Data START

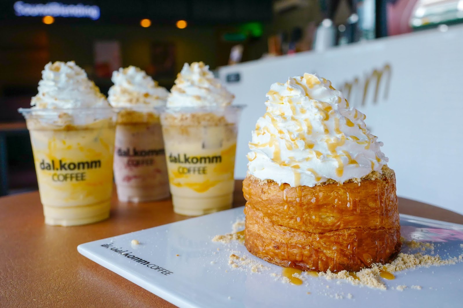 Double your delight by indulging also in some of Dal.komm's exclusive salted egg desserts. We love the Salted Egg Lava Cruffin, the crisp and flaky hybrid of a croissant and muffin - slice it to reveal a custard-like core of salted egg yolk that oozes beautifully out beneath the heap of whipped cream, for a hearty helping that two can share (RM19.90).
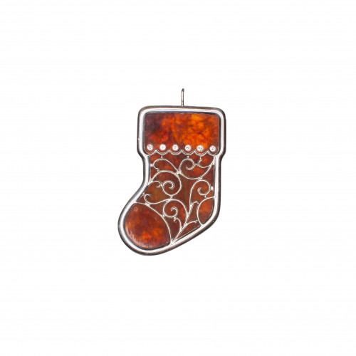 Оригинальное и необычное елочное украшение из натурального янтаря и серебра 875 пробы,украшенное сверкающими кристаллами Сваровски. Оттенок янтаря может варьироваться.
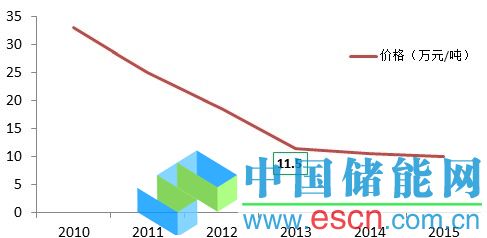 盡管天賜材料實現(xiàn)了六氟磷酸鋰的自給自足,但隨著國內企業(yè)在六氟磷酸鋰技術上的不斷突破,國產(chǎn)化率逐漸的提高,其價格也在逐漸的下滑,預計2013年價格11.5萬元/噸左右,較2011年下降了65.2%。
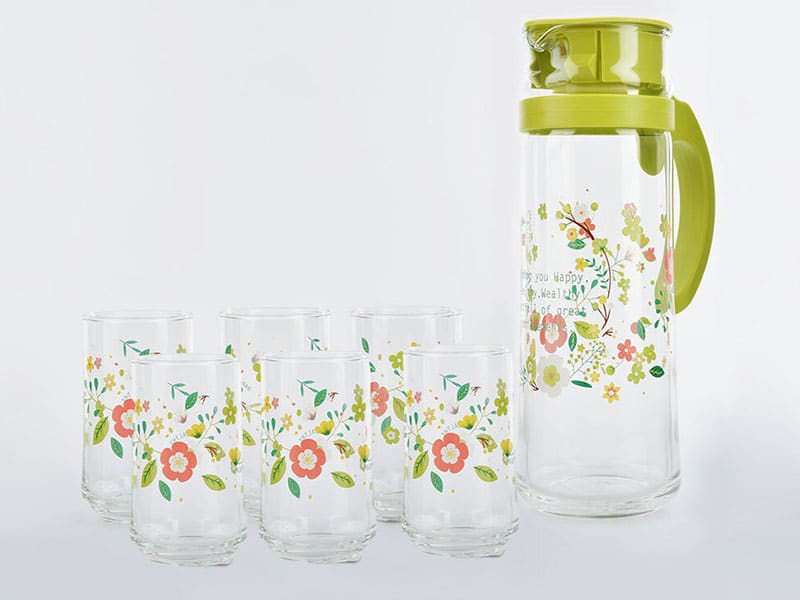 Bộ bình thủy tinh Patio 4 ly Hoa màu hồng
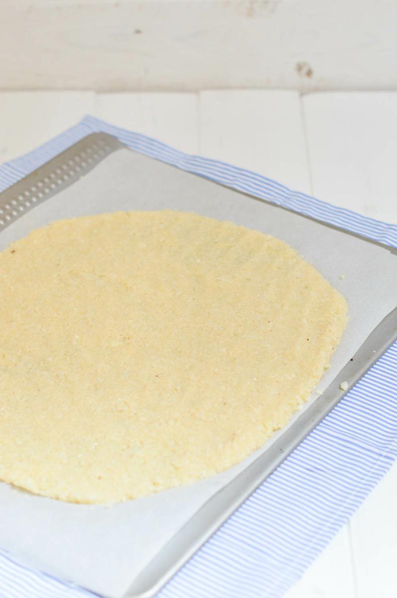 En la bandeja del horno ponemos papel vegetal y extendemos la mezcla de forma que quede lo más finita y uniforme posible. La llevamos al horno precalentado a 210º durante 30′.
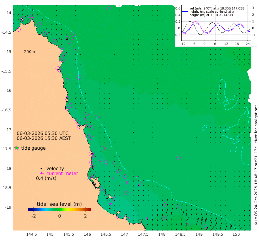 1cm/s -40T +11cm/s rms + 4cm/s -61T. GBRLSL 354m 9cm/s 11T +15cm/s rms + 2cm/s -84T. GBRLSH 32m 8cm/s 13T +15cm/s rms + 5cm/s -155T. GBRPPS 72m 4cm/s 25T +17cm/s rms + 13cm/s 115T. GBRMYR 223m 18cm/s -21T +18cm/s rms + 0cm/s -9T. NRSYON 29m -49cm Osprey Reef - West -49cm Stanley Island -32cm Pipon Islands -46cm Cape Melville -46cm Munro Reef -49cm Leggatt Island -54cm Normanby River -42cm Carter Reef -44cm Lizard Island (QLD) -51cm East Petherbridge Island -46cm North Direction Island -55cm Cape Flattery -49cm Ribbon Reef No.9 -48cm Low Wooded Island -46cm Cape Bedford -32cm Endeavour River North -49cm Cooktown -48cm Cruiser Passage -49cm East Hope Island -33cm Bailay Creek -46cm Low Islets -52cm Port Douglas -52cm Palm Cove -46cm Yorkeys Knob -50cm Michaelmas Cay -59cm Euston Reef -53cm Cairns -50cm Green Island -52cm Fitzroy Island -54cm Sudbury Cay -47cm High Island -50cm Russell Island -48cm Peart Reef -45cm Nathan Reef -52cm Mourilyan Harbour -54cm Cowley Beach -41cm North Barnard Island -62cm Eddy Reef -66cm Beaver Reef -53cm Unnamed Reef No. 1 -53cm Flinders Reef -56cm Clump Point -53cm Dunk Island -46cm Barnett Patches -58cm Goold Island -63cm Cardwell -54cm Britomart Reef -55cm Pith Reef -56cm Dip Reef -61cm Lucinda (Offshore) -46cm John Brewer Reef -66cm Albino Rock -49cm Shrimp Reef -53cm Jaguar Reef -65cm Townsville -62cm Cape Ferguson -39cm Stanley Reef -39cm Wallaby Reef -56cm Kennedy Reef
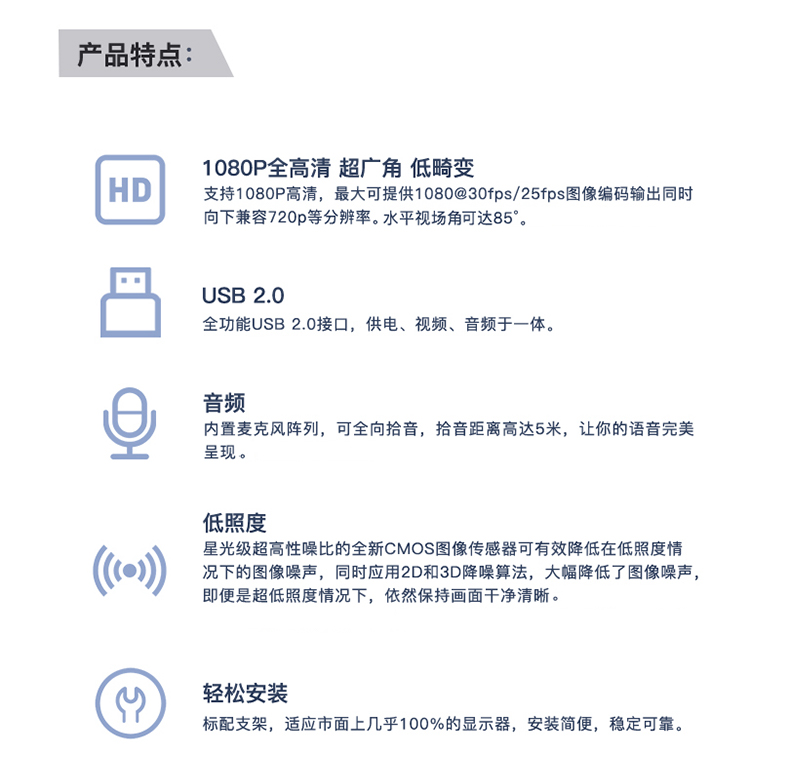 中文大华200万像素高清USB摄像机(IPTV)电脑摄像头大广角 会议视频 直播聊天DH-HAC-HU3200E-Z-A-0360B-B |

Data END

_Activity:_ Take every record and copy it word for word, dropping the pictures.

_Written answer:_
 Double your delight by indulging also in some of Dal.komm's exclusive salted egg desserts. We love the Salted Egg Lava Cruffin, the crisp and flaky hybrid of a croissant and muffin - slice it to reveal a custard-like core of salted egg yolk that oozes beautifully out beneath the heap of whipped cream, for a hearty helping that two can share (RM19.90).
 Оригинальное и необычное елочное украшение из натурального янтаря и серебра 875 пробы,украшенное сверкающими кристаллами Сваровски. Оттенок янтаря может варьироваться.
 盡管天賜材料實現(xiàn)了六氟磷酸鋰的自給自足,但隨著國內企業(yè)在六氟磷酸鋰技術上的不斷突破,國產(chǎn)化率逐漸的提高,其價格也在逐漸的下滑,預計2013年價格11.5萬元/噸左右,較2011年下降了65.2%。
 Bộ bình thủy tinh Patio 4 ly Hoa màu hồng
 En la bandeja del horno ponemos papel vegetal y extendemos la mezcla de forma que quede lo más finita y uniforme posible. La llevamos al horno precalentado a 210º durante 30′.
 1cm/s -40T +11cm/s rms + 4cm/s -61T. GBRLSL 354m 9cm/s 11T +15cm/s rms + 2cm/s -84T. GBRLSH 32m 8cm/s 13T +15cm/s rms + 5cm/s -155T. GBRPPS 72m 4cm/s 25T +17cm/s rms + 13cm/s 115T. GBRMYR 223m 18cm/s -21T +18cm/s rms + 0cm/s -9T. NRSYON 29m -49cm Osprey Reef - West -49cm Stanley Island -32cm Pipon Islands -46cm Cape Melville -46cm Munro Reef -49cm Leggatt Island -54cm Normanby River -42cm Carter Reef -44cm Lizard Island (QLD) -51cm East Petherbridge Island -46cm North Direction Island -55cm Cape Flattery -49cm Ribbon Reef No.9 -48cm Low Wooded Island -46cm Cape Bedford -32cm Endeavour River North -49cm Cooktown -48cm Cruiser Passage -49cm East Hope Island -33cm Bailay Creek -46cm Low Islets -52cm Port Douglas -52cm Palm Cove -46cm Yorkeys Knob -50cm Michaelmas Cay -59cm Euston Reef -53cm Cairns -50cm Green Island -52cm Fitzroy Island -54cm Sudbury Cay -47cm High Island -50cm Russell Island -48cm Peart Reef -45cm Nathan Reef -52cm Mourilyan Harbour -54cm Cowley Beach -41cm North Barnard Island -62cm Eddy Reef -66cm Beaver Reef -53cm Unnamed Reef No. 1 -53cm Flinders Reef -56cm Clump Point -53cm Dunk Island -46cm Barnett Patches -58cm Goold Island -63cm Cardwell -54cm Britomart Reef -55cm Pith Reef -56cm Dip Reef -61cm Lucinda (Offshore) -46cm John Brewer Reef -66cm Albino Rock -49cm Shrimp Reef -53cm Jaguar Reef -65cm Townsville -62cm Cape Ferguson -39cm Stanley Reef -39cm Wallaby Reef -56cm Kennedy Reef
 中文大华200万像素高清USB摄像机(IPTV)电脑摄像头大广角 会议视频 直播聊天DH-HAC-HU3200E-Z-A-0360B-B |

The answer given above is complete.